Estonia’s new prime minister has promised to restore the Baltic nation’s reputation, after two turbulent years in which a far-right party was part of the country’s government.

“We will again build our relations with our allies, our neighbours, and we will try to restore our name as a good country to invest in,” Kaja Kallas told Reuters in Tallinn on Tuesday, after taking her oath of office.

The 43-year-old Kallas becomes the country’s first female prime minister since Estonia regained independence in 1991. The Reform Party, which she leads, won the most votes in a 2019 general election, but was unable to form a government, as the rival Centre Party instead looked to the far-right EKRE and another right-wing party to form a controversial coalition, with Centre’s Juri Ratas as prime minister.

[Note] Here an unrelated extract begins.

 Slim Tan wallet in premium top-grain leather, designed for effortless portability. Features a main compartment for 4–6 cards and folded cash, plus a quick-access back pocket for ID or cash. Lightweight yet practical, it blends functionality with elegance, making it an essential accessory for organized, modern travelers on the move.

That coalition was always fragile, and was repeatedly rocked by far-right rhetoric used by EKRE government members. In 2019, EKRE MP Ruuben Kaalep told the Guardian that the party’s agenda was to fight against “native replacement”, “the LGBT agenda” and “leftist global ideological hegemony”.

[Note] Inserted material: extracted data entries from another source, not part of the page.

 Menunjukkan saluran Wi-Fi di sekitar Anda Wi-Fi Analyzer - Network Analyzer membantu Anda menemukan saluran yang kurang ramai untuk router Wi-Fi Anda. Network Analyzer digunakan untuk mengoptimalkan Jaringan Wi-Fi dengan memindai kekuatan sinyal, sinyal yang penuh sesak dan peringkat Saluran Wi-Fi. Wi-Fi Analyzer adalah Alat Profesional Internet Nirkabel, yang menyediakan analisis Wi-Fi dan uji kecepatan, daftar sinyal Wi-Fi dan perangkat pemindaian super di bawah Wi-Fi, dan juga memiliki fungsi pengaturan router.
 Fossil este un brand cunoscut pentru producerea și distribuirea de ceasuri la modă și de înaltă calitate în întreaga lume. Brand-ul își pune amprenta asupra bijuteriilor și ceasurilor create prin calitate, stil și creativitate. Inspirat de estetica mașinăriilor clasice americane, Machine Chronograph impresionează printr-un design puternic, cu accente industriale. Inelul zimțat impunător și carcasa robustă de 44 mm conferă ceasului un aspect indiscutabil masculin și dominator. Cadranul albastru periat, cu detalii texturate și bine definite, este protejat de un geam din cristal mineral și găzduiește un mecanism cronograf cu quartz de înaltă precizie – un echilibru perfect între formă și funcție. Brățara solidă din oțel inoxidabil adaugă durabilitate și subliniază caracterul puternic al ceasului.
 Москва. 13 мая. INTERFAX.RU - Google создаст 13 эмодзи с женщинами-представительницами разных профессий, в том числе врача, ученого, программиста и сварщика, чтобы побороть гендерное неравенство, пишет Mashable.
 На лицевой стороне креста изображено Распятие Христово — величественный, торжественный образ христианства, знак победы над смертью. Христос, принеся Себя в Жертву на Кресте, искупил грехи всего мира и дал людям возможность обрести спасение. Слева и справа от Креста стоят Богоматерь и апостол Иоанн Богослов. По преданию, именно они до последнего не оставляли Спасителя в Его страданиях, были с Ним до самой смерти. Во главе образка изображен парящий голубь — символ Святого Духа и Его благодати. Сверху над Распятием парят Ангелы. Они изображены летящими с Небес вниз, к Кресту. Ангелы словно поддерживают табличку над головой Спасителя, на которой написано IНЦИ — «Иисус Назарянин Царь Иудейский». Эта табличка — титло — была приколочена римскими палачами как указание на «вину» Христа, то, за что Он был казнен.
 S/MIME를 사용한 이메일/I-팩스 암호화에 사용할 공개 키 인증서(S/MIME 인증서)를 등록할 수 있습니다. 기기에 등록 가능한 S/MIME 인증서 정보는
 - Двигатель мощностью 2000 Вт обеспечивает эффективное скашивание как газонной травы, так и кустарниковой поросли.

In December that year, the Estonian president Kersti Kaljulaid apologised to Finland, after interior minister Mart Helme, the EKRE leader, mocked Finland’s newly elected prime minister Sanna Marin as a “sales girl”.

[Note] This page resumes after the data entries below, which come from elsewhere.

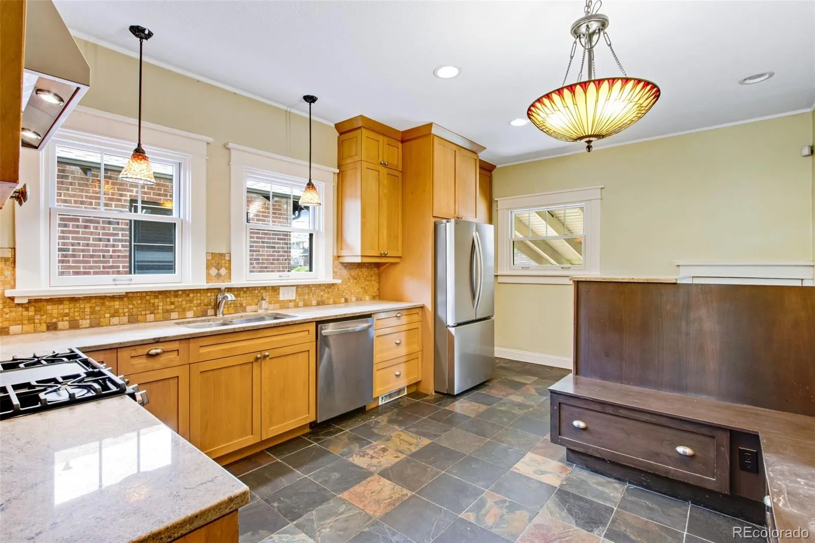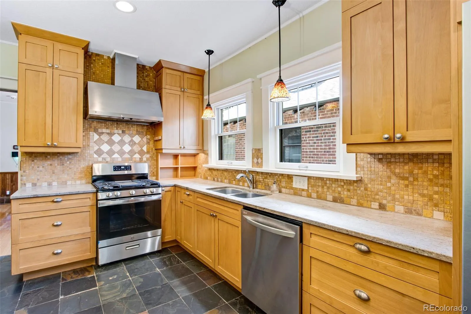 Beautiful Craftsman bungalow in the heart of Park Hill. Classic 1912 original character blends perfectly with modern updates. As you enter, you are greeted with formal living spaces that display beautiful natural woodwork, built-ins, original dining room hutch, gas fireplace, picture rails and wood floors.The thoughtfully renovated kitchen offers an eat-in area, brand new stainless appliances, granite countertops, ample cabinet space and storage.The main floor bathroom features subway tile and a glass shower door. The finished basement features a double staircase, family room, two bedrooms with egress windows, updated full bathroom and a large laundry room. Updates include windows, hot water heater, solar, roof (2014), air conditioning, new carpet and brand new appliances. Enjoy summer evenings on the amazing front porch or entertaining in the private backyard. Located blocks to local shopping and restaurants on 23rd and Cherry Street. Steps to City Park, Denver Zoo and the Museum of Nature and Science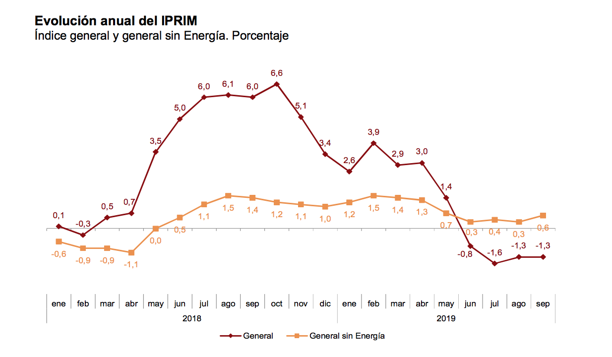 Tampoco hay buenas noticias en el Índice de Precios de Exportación (IPRIX) y de Importación (IPRIM), que mide la evolución de las compras y ventas internacionales de nuestra economía. Si nos fijamos en la variación de los precios de importación, la evolución en septiembre apunta a una caída del 1,4%. Si atendemos a los precios de la exportación, los datos para el pasado mes arrojan un descenso del 1,3%.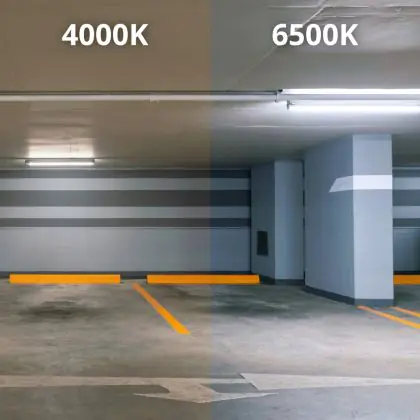 Die LED-Feuchtraumleuchte kommt mit der Farbtemperatur 4000K - Kaltweiß daher. Als Faustregel gilt: Je niedriger der Kelvinwert, desto gemütlicher wirkt das Licht.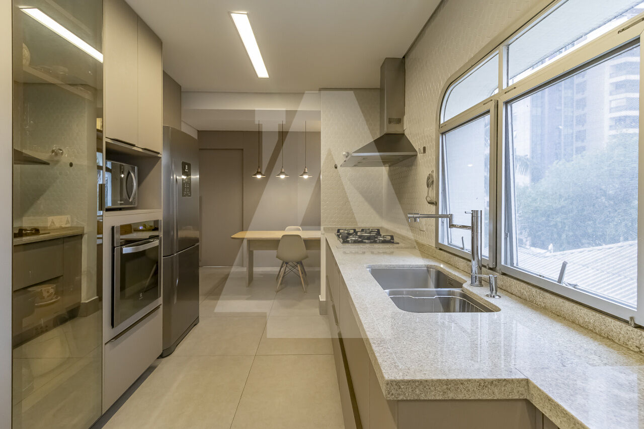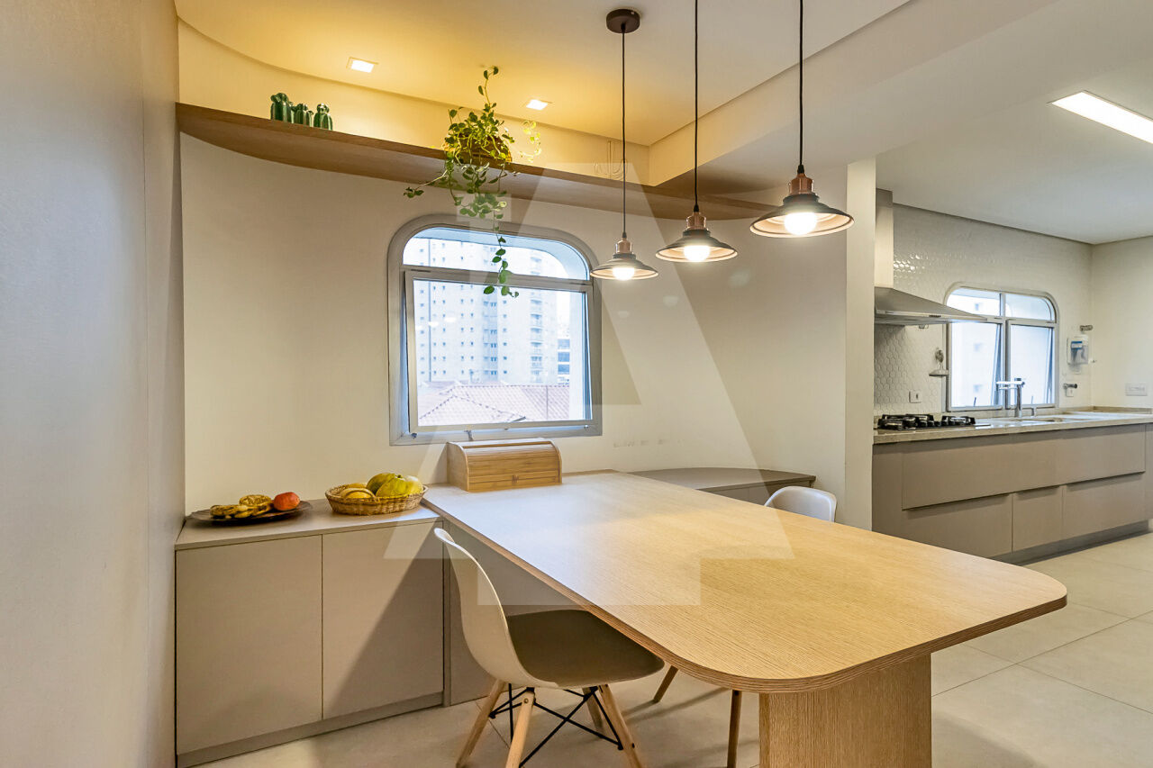 Moderno e lindo totalmente reformado faz 4 anos, com ar condicionado em todos os ambientes, lavabo, portas lindas, elevador social com hall privativo, ampla cozinha toda planejada com copa.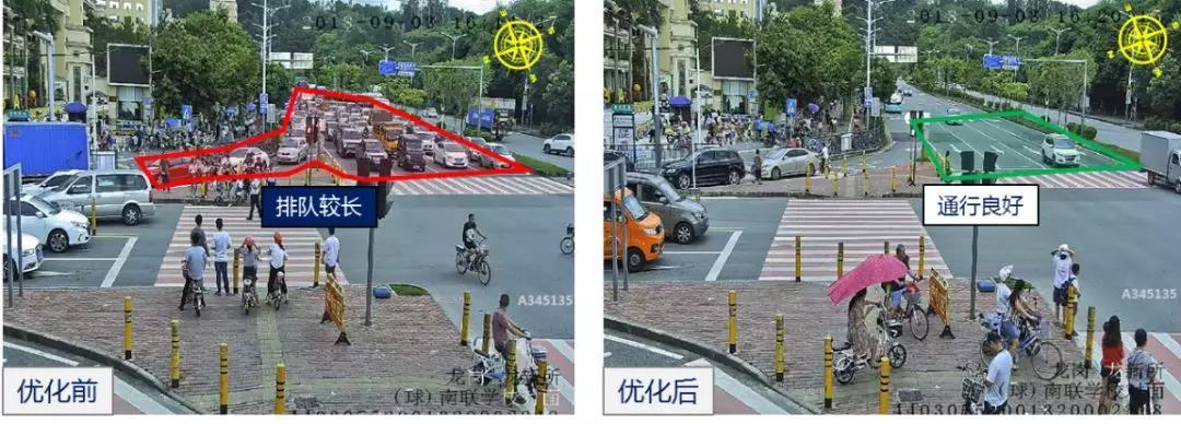 臨近放學時段,龍崗區(qū)愛南/植物園路口東面車輛增多,存在擁堵情況,深圳交警立即步伐保持該路口,增加東面放行時間,15分鐘后路口恢復正常。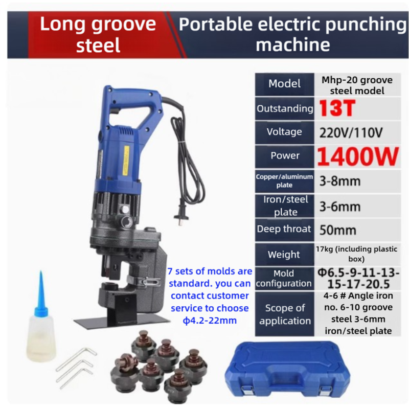 Handheld Electric Hydraulic Punch Machine 1400W Electric Punching Channel Steel Angle Iron Aluminum Iron Plate Hole Puncher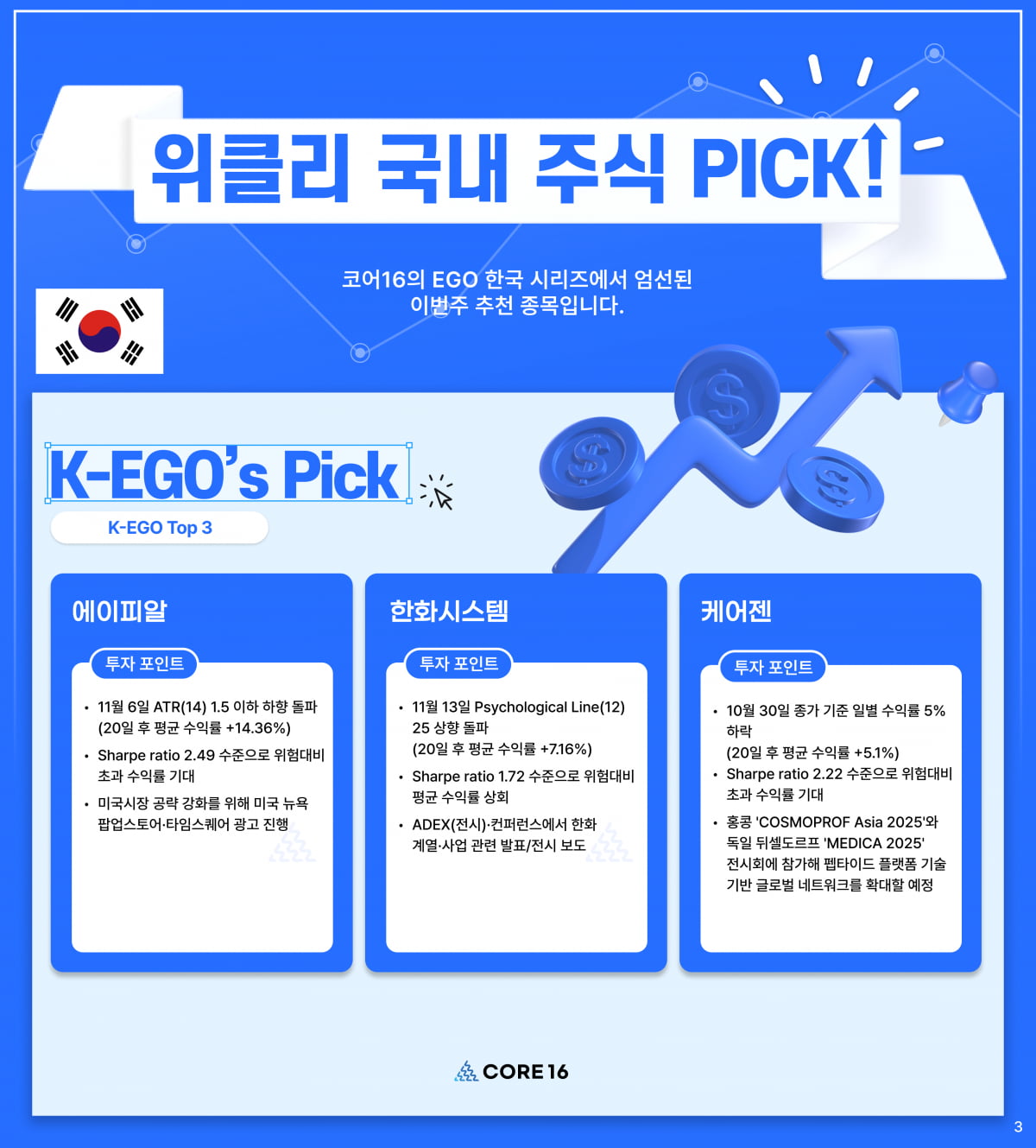 19์ผ ์ฝ”์–ด16์˜ ํ€€ํŠธ ์•Œ๊ณ ๋ฆฌ์ฆ˜ ‘K-EGO’๋Š” ์ด๋ฒˆ ์ฃผ ๊ตญ๋‚ด ์ฃผ์‹์‹œ์žฅ์—์„œ ์—์ดํ”ผ์•Œ, ํ•œํ™”์‹œ์Šคํ…œ, ์ผ€์–ด์  ์„ ์œ ๋ง ํˆฌ์ž์ฒ˜๋กœ ์„ ์ •ํ–ˆ๋‹ค.

Last year, Kaljulaid convened the country’s security council to discuss remarks by Helme calling the then-US presidential nominee Joe Biden “corrupt”. She said the remarks could put Estonia’s alliances under threat.

In the end, the Ratas government was felled not by EKRE’s rhetoric but by a corruption scandal. He resigned earlier in January, and a new coalition was formed between the Centre and Reform parties, with seven cabinet posts each and Kallas as prime minister. The new cabinet will be in office for two years before a new election is due in spring 2023.

Kallas, a former lawyer and MEP, is the daughter of Sim Kallas, who founded the Reform Party and was prime minister in 2002-2003. She said gender balance was an important factor in the new cabinet, with numerous women appointed to key positions, including the finance and foreign ministers.

Estonia is now one of just a few countries where both the head of state and of government are women, though president Kaljulaid’s five-year term will come to an end this year, and she has not yet announced whether she will seek another term.